Her scanty hair was drawn off her high forehead very tightly, and screwed into a cast-iron knob at the nape of her long neck; and she smiled occasionally in an acid manner, with many teeth.
She wore a plainly-made green dress, with a toby frill; and a large silver cross dangled on her flat bosom.
Altogether, she was about as venomous a specimen of an unappropriated blessing as can well be imagined.
"Bella," said Miss Vrain to this unattractive female, "for certain reasons, which I may tell you hereafter, Mr. Denzil wishes to know if Mrs. Vrain was at Berwin Manor on Christmas Eve."

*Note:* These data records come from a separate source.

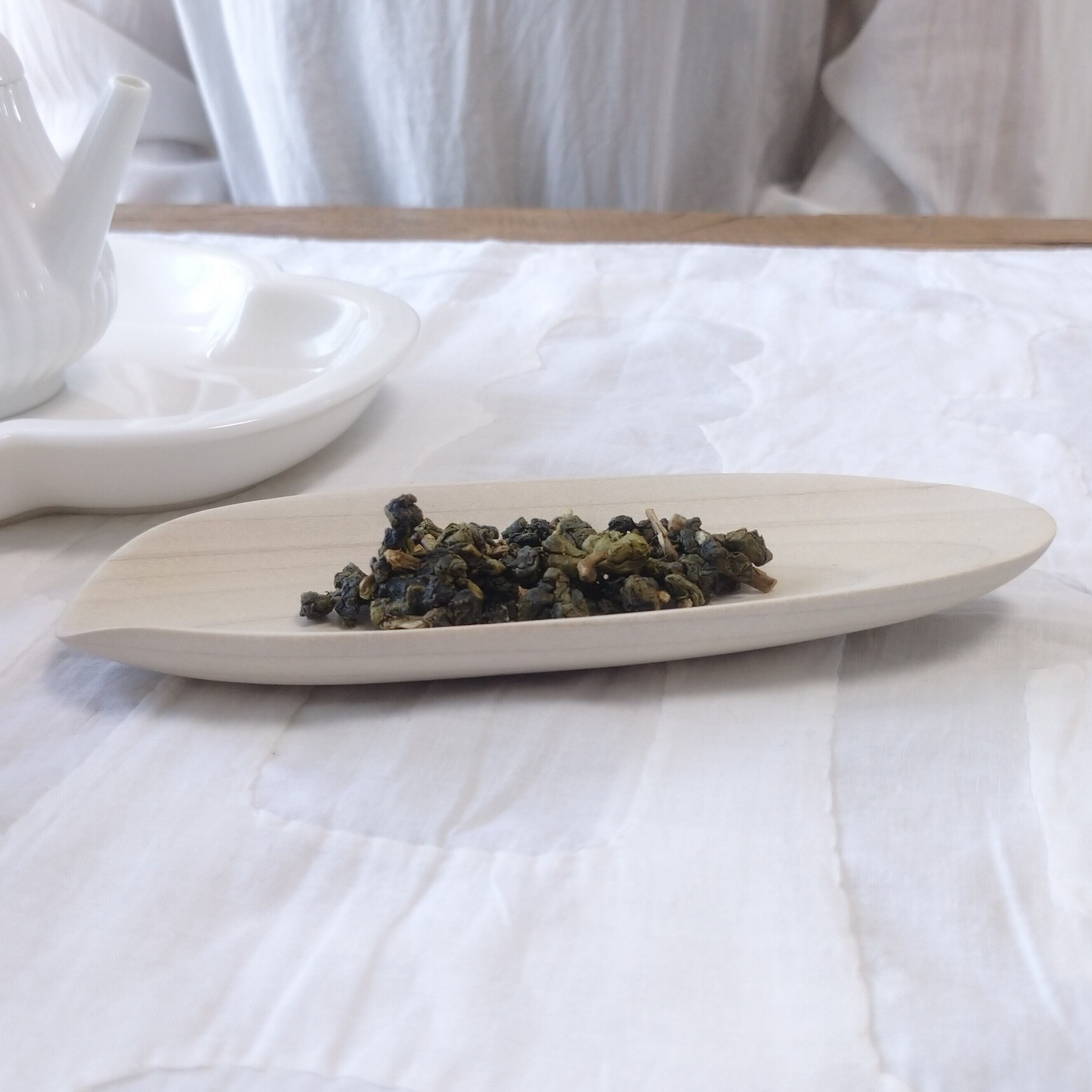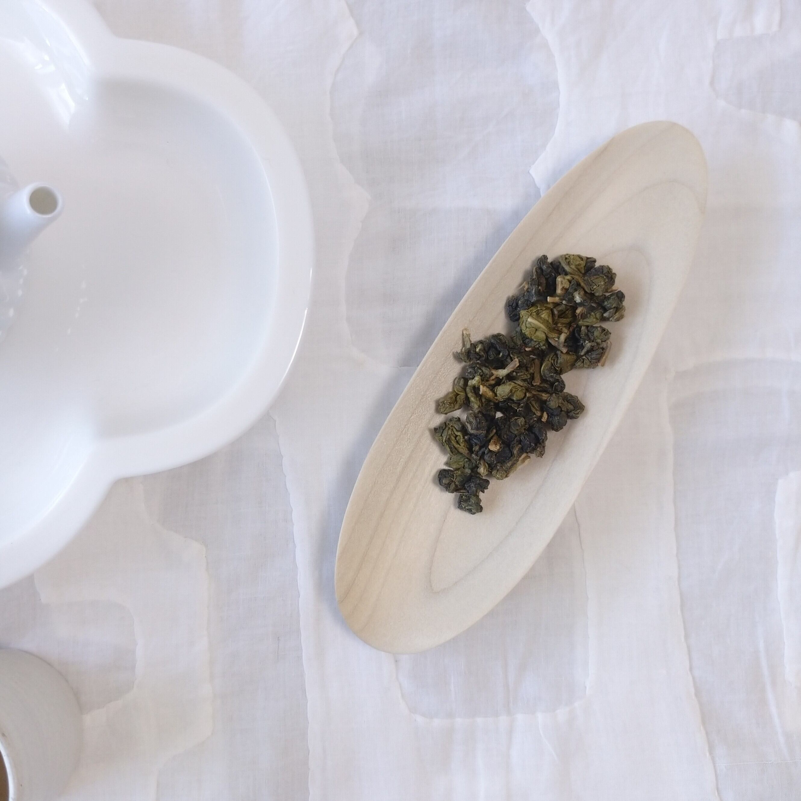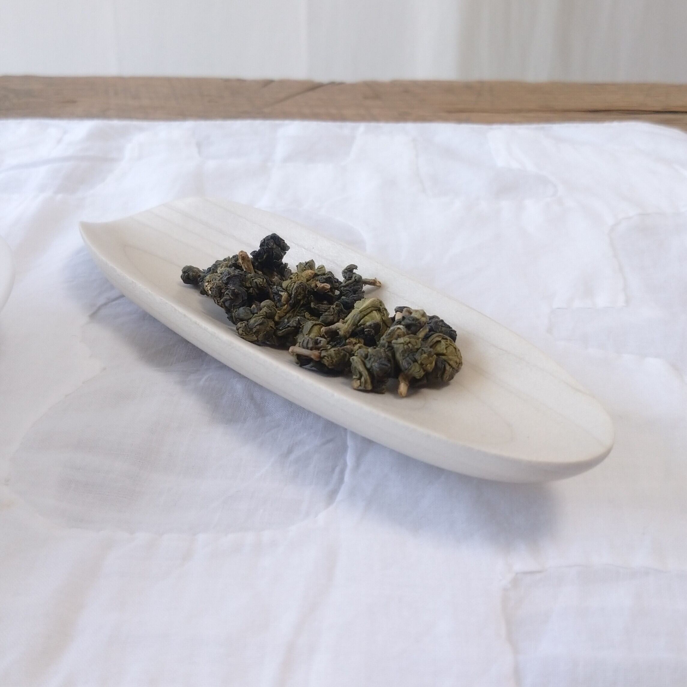 浅めの茶則なので、小さめ~中程度の茶葉を載せるのに向いています。(写真はそれぞれ、梨山烏龍を5g、鳳凰単叢を3g載せています。)
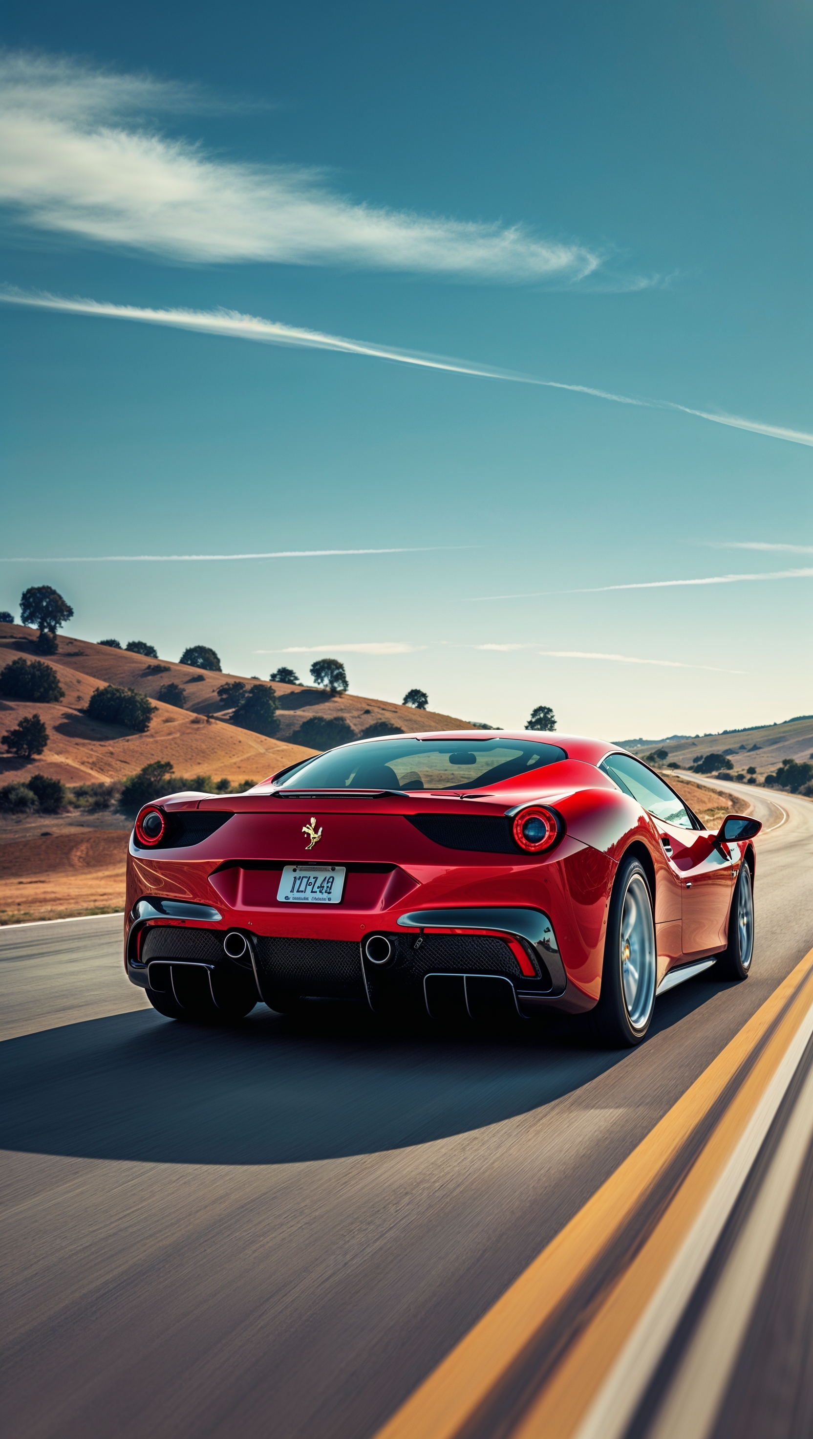 1664x2944 iPhone wallpaper with Ferrari rear view and open road
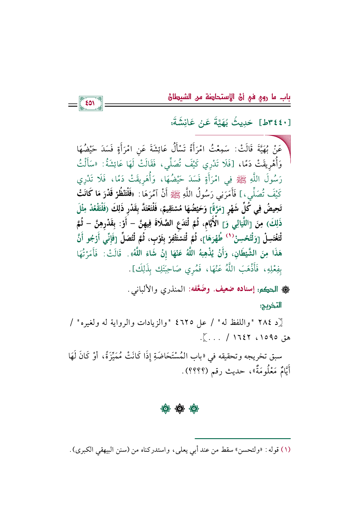 سبق تخريجه وتحقيقه في (باب المُسْتَحَاضَةِ إِذَا كَانَتْ مُمَيِّزَةً، أوْ كَانَ لَهَا أَيَّامٌ مَعْلُومَةٌ)، حديث رقم (؟ ؟ ؟ ؟ ).
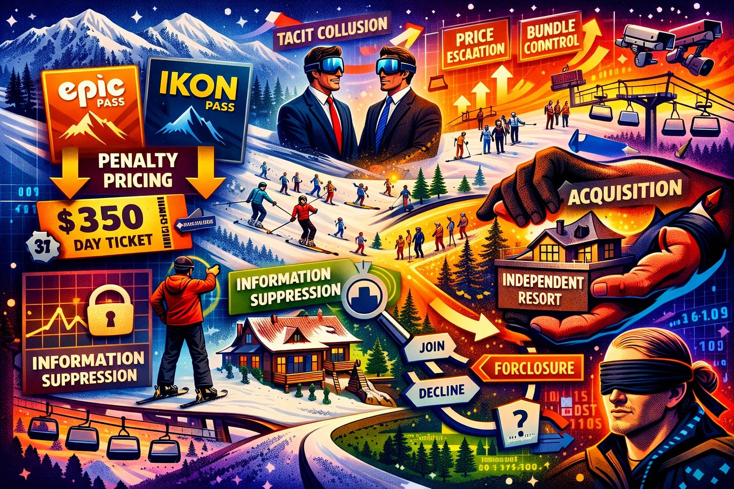 A class action complaint filed March 23, 2026 in the District of Colorado names Vail Resorts and Alterra Mountain Company as defendants in a ski-pass antitrust case. Read on its surface, the complaint targets tying and bundling — the familiar claim that linking access to destination resorts with access to regional ski areas forecloses competition. That framing is legally useful but analytically incomplete. The penalty price Vail Resorts and Alterra deployed suppresses the institutional signal, not just consumer search. The deeper architecture is something MindCast has formally theorized: a Signal Suppression Equilibrium (SSE). The firms did not merely make the bundle attractive. They made the outside option informationally useless. Once the day-ticket price stopped revealing demand and started disciplining refusal, competition moved from price discovery to architecture control.
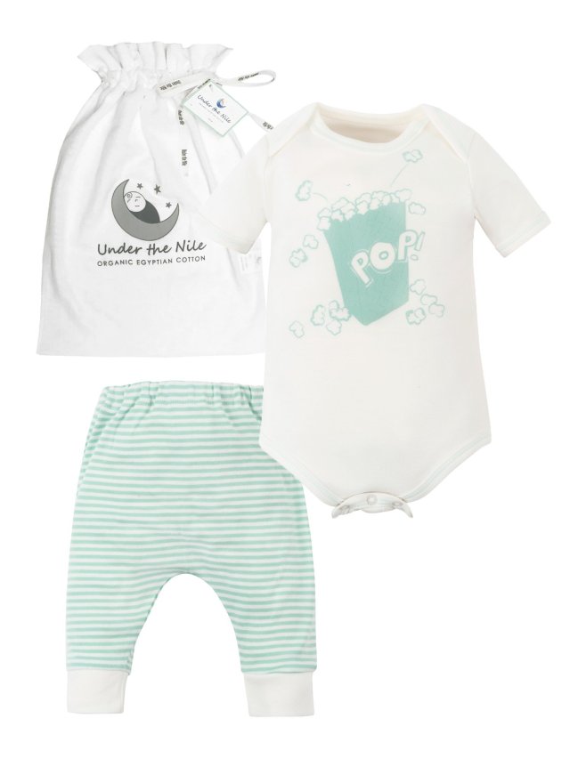 Under the Nile's baby one-pieces are made from Egyptian organic cotton, ensuring they're super-soft and comfortable. Bonus: The lap shoulder design or snaps allow for quick and easy dressing. You can even pull the garment down instead of over the head (which is a little parenting hack for those sudden diaper blowouts!). They also come in sets with matching pants, like the popcorn print shown above. Also, check out their best-selling footies for those brisk autumn nights.
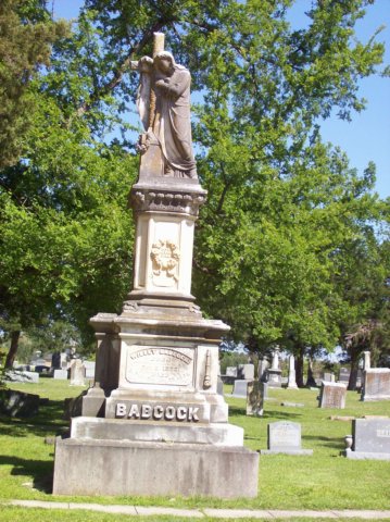 THE DALLAS MORNING NEWS, Tuesday, May 1, 1979, p. 3C; '... The 20 foot tall statue of an angel or saint leaning on a cross is certainly for real. Erected in 1881, the life sized figure topping an elaborate 6 foot pedestal still stands, and the religious robe clad statue still wears cowboy boots. The pedestal, inscribed 'Willet Babcock, Oct. 6, 1828, died 1881, Love Never Dies', also features upside down torches, symbolizing the end of a life. No one can figure why Babcock's, monument features the cowboy boots, because he was a cultured gent, owner of an opera house and manufacturer of fine furniture. It's unlikely he died with his boots on. This monument with a sense of humor was created by German stone mason Gustave Klein, who made many of the more elaborate tombstones in the Paris cemetery. Another of his massive works memorializes Capt. J. N. Adams...'
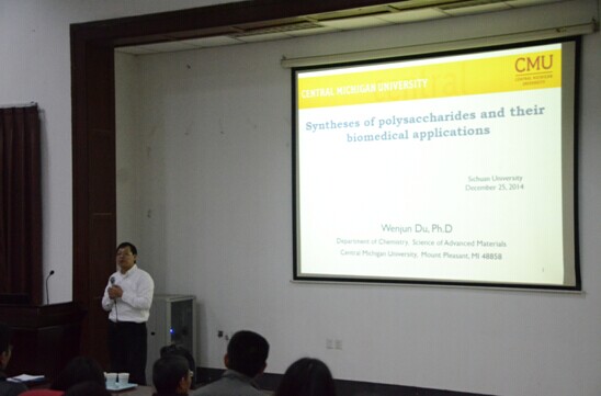 应77779193永利官网邀请,美国中密执根大学化学系杜文军教授于2014年12月25日访问77779193永利官网并进行学术交流。在化学馆321报告厅,杜文军教授做了题为“化学合成多糖以及他们的生物医学应用”的学术报告。他介绍了该课题组近几年合成各种多糖大分子上取得了较为突出的研究结果,并进一步讲解了所合成的多糖在生物医学上的相关最新研究进展。余孝其院长主持了报告会,李坤、于珊珊等研究人员到场听取了报告。杜教授报告内容新颖,讲解深入浅出,激起了在座老师和同学的浓厚兴趣。报告结束后,杜教授与学院部分师生进行了交流和讨论。
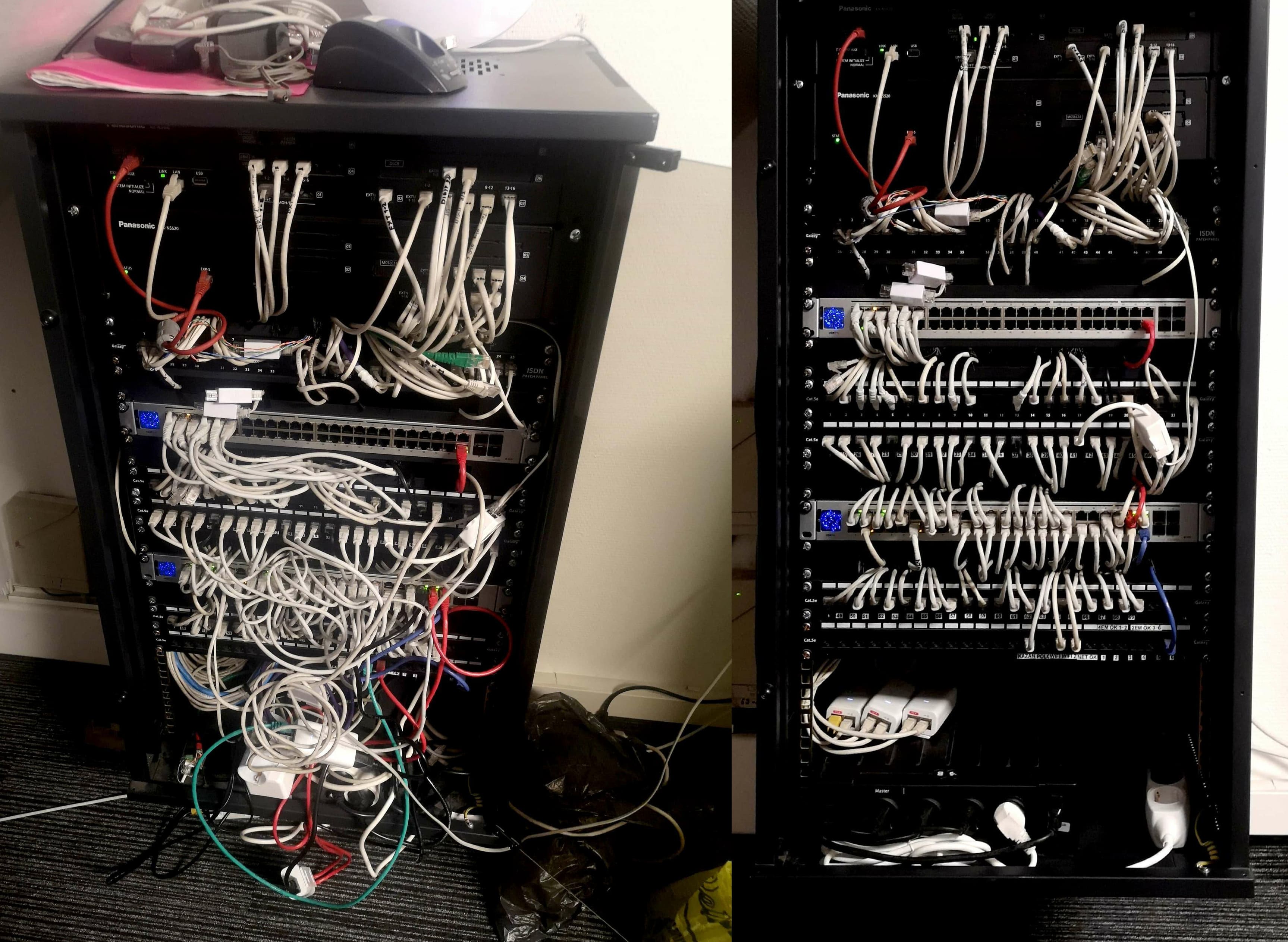 - Hálózati eszközök és kábeleik kulturált elrendezése (rackszekrény hiányában)
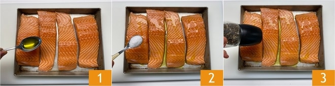 Para preparar o filé de salmão na frigideira, a primeira coisa a fazer é cuidar da marinada: coloque os filés em uma tigela e tempere-os com óleo 1, sal 2 e pimenta-do-reino moída na hora 3.
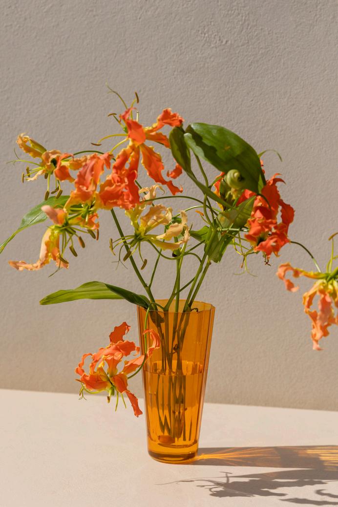. Amber Smoke Sunday Vase $395. Lavender Sunday High Ball $120-$250. Blush Pink Sunday High Ball $120-$250. Emerald Green Sunday Low Ball $110-$225 Rose Sunday Vase $395 Butterscotch Sunday High Ball $120-$250. Yellow Sunday High Ball $120-$250.
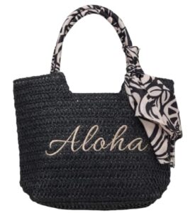 【BLACK】○o。ハワイアン ペーパー素材 ミニトートバッグ ALOHA ロゴ入りスカーフ 夏 ALOHA ハワイアンバッグ ハイビスカス モンステラ ティアレ フラガール レディースバッグ 雑貨インテリア プチプラバッグ ハワイ雑貨 人気 可愛い ハワイ お土産 ヤシの木 ハワイ生地 。o○ 10008701
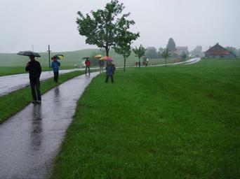 Keywords: wanderer rain umbrella fog sidewalk landscape away nature weather mood moist allgäu oy mittelberg

"Of course she was not, dearest Di," said Bella, drooping her elderly head on one scraggy shoulder, with an acid smile. "Didn't I tell you so?
I was asked by Lydia—alas!
I wish I could say my dearest Lydia—to spend Christmas at Berwin Manor.
She invited me for my singing and playing, you know: and as we all have to make ourselves agreeable, I came to see her.
On the day before Christmas she received a letter by the early post which seemed to upset her a great deal, and told me she would have to run up to town on business.
She did, and stayed all night, and came down next morning to keep Christmas.
I thought it very strange."
"What was her business in town, Miss Tyler?" asked Lucian.
"Oh, she didn't tell me," said Bella, tossing her head, "at least not directly, but I gathered from what she said that something was wrong with poor dear Mr. Clyne—her father, you know, dearest Di."
"Was the letter from him?"
"Oh, I couldn't say that, Mr. Denzil, as I don't know, and I never speak by hearsay.
So much mischief is done in the world by people repeating idle tales of which they are not sure."
"Was Count Ferruci at Berwin Manor at the time?"
"Oh, dear me, no, Di!
I told you that he was up in London the whole of Christmas week.